• **Extracted information**:

***

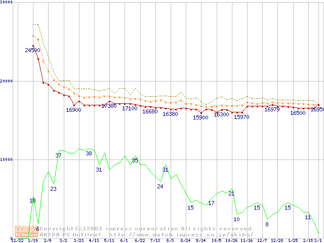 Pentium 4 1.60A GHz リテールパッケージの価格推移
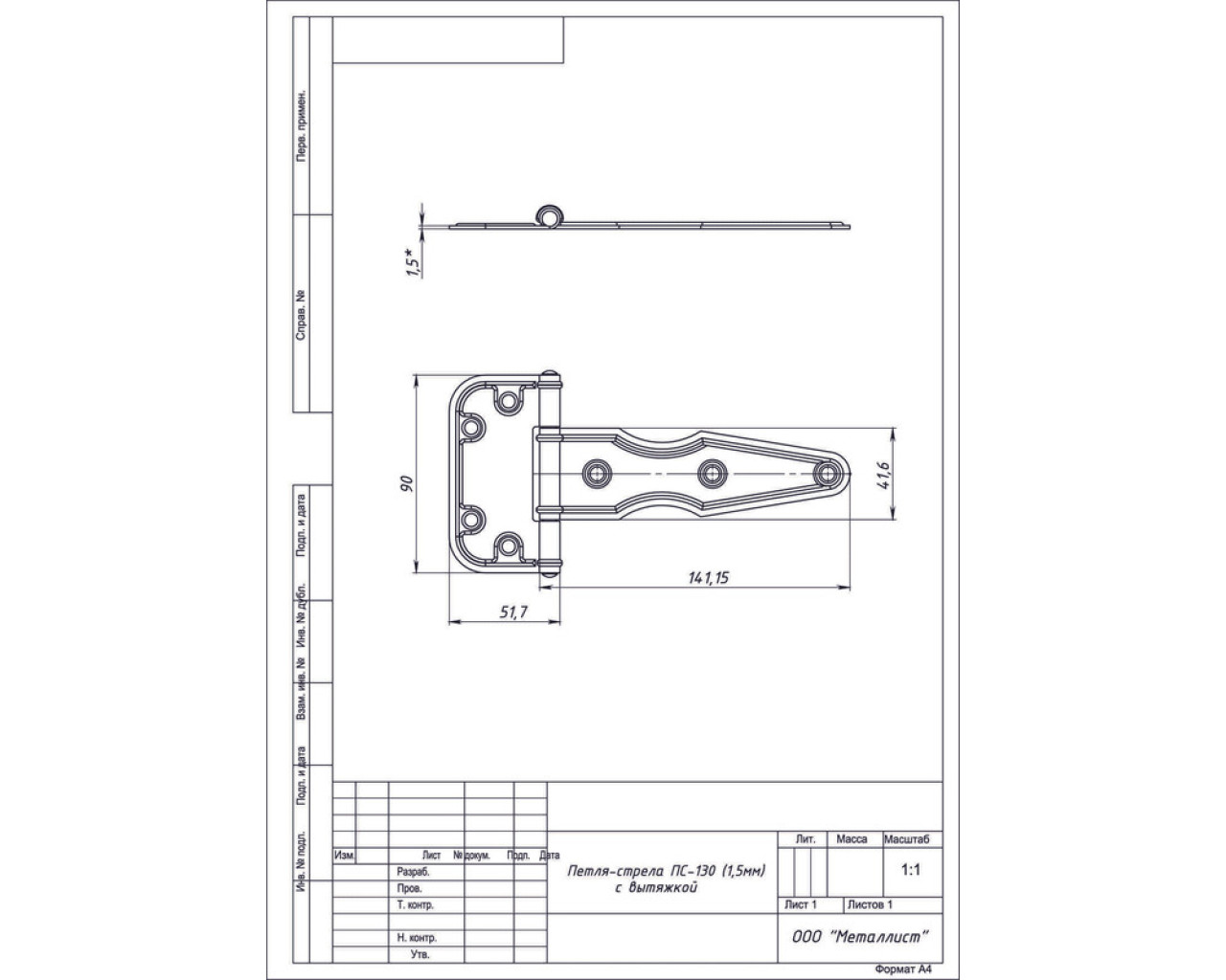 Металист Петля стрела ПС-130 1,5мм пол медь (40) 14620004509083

***

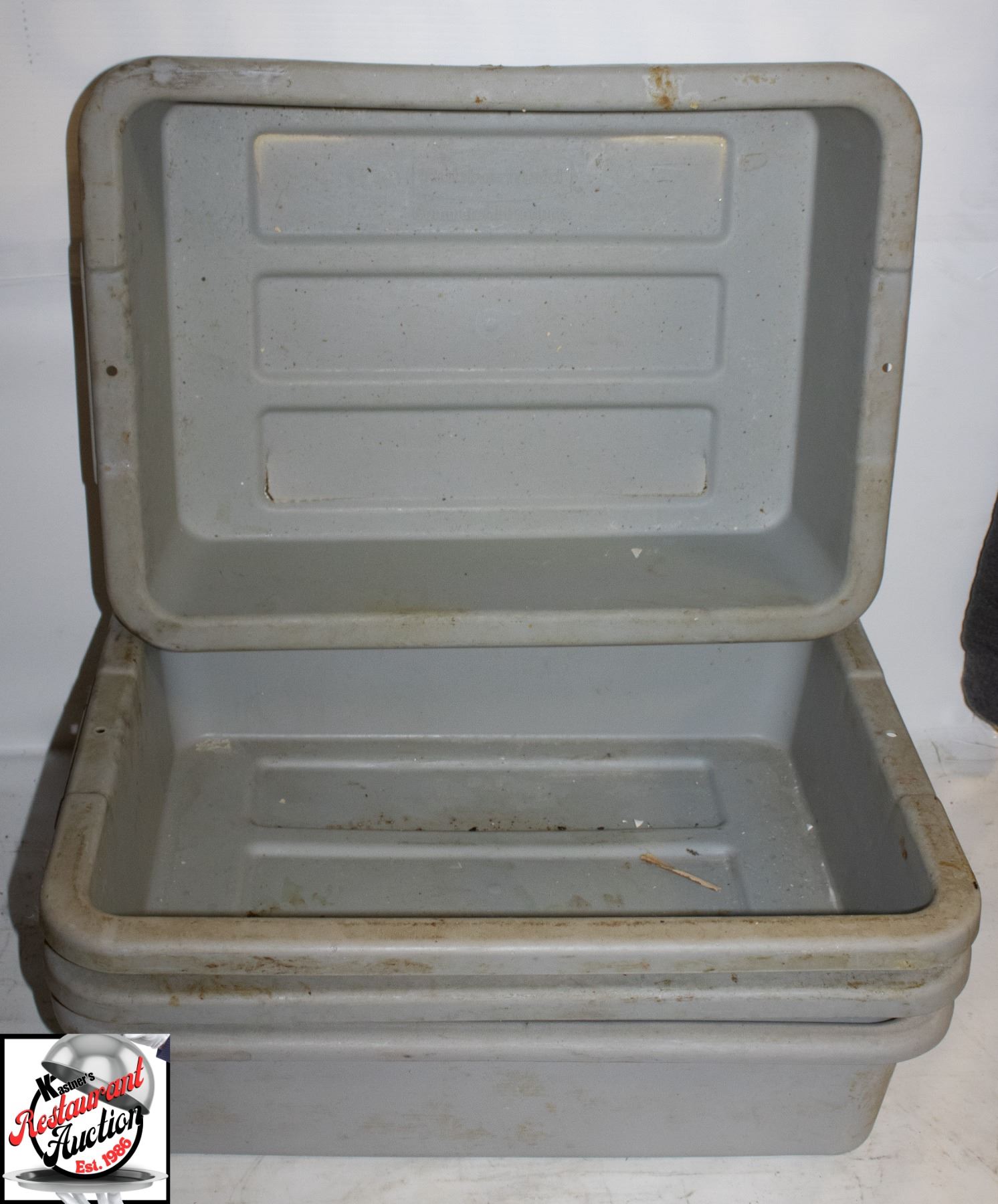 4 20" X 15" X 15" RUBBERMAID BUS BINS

***

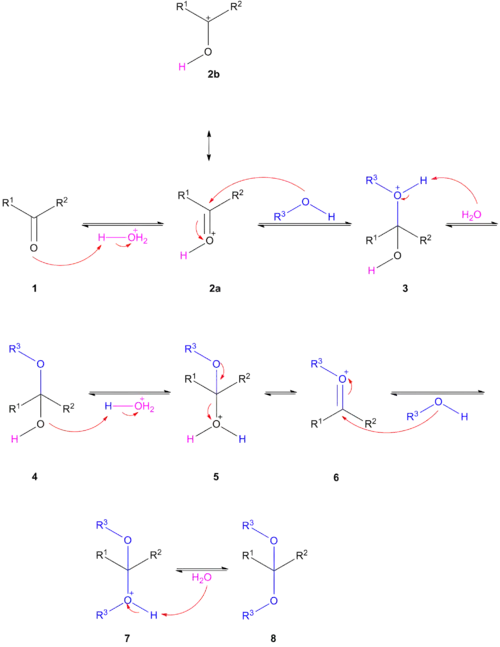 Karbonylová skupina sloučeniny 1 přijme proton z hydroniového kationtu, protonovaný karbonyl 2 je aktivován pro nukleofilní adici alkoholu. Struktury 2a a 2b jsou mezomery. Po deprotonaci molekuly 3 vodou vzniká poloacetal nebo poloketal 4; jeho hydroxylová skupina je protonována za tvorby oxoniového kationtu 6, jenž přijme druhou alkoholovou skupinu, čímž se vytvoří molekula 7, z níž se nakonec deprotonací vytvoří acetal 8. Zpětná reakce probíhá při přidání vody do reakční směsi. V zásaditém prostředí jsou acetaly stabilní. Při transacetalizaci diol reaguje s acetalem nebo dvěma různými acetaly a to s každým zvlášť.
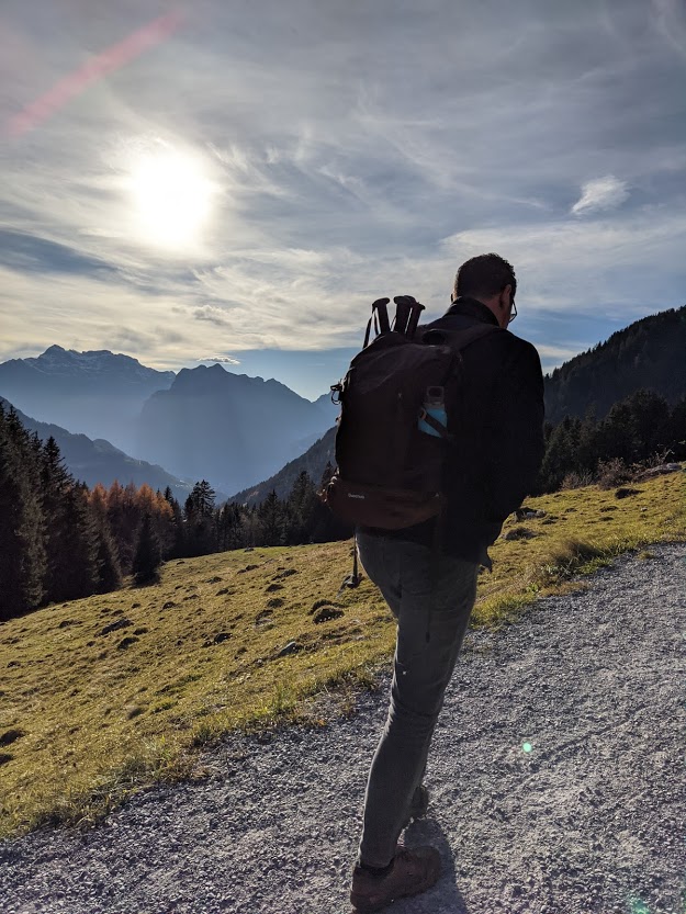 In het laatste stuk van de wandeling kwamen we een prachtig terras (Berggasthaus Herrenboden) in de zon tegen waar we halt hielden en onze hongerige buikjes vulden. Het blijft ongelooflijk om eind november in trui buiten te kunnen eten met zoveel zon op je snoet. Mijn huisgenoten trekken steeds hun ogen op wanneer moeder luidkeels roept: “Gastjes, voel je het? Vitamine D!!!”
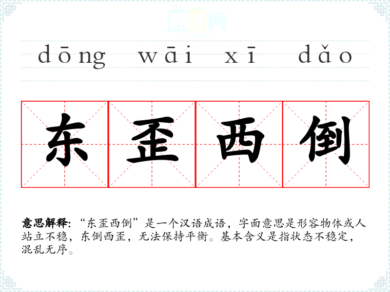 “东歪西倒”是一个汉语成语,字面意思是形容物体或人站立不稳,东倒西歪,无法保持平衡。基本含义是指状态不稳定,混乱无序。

***

• **Brief**:
Working from the entries above, please transcribe only the lines from the line with "Pentium 4 1.60A GHz リテールパッケージの価格推移" through the line with "Металист Петля стрела", exactly, with both end lines and without pictures.

• **Written answer**:
 Pentium 4 1.60A GHz リテールパッケージの価格推移
 Металист Петля стрела ПС-130 1,5мм пол медь (40) 14620004509083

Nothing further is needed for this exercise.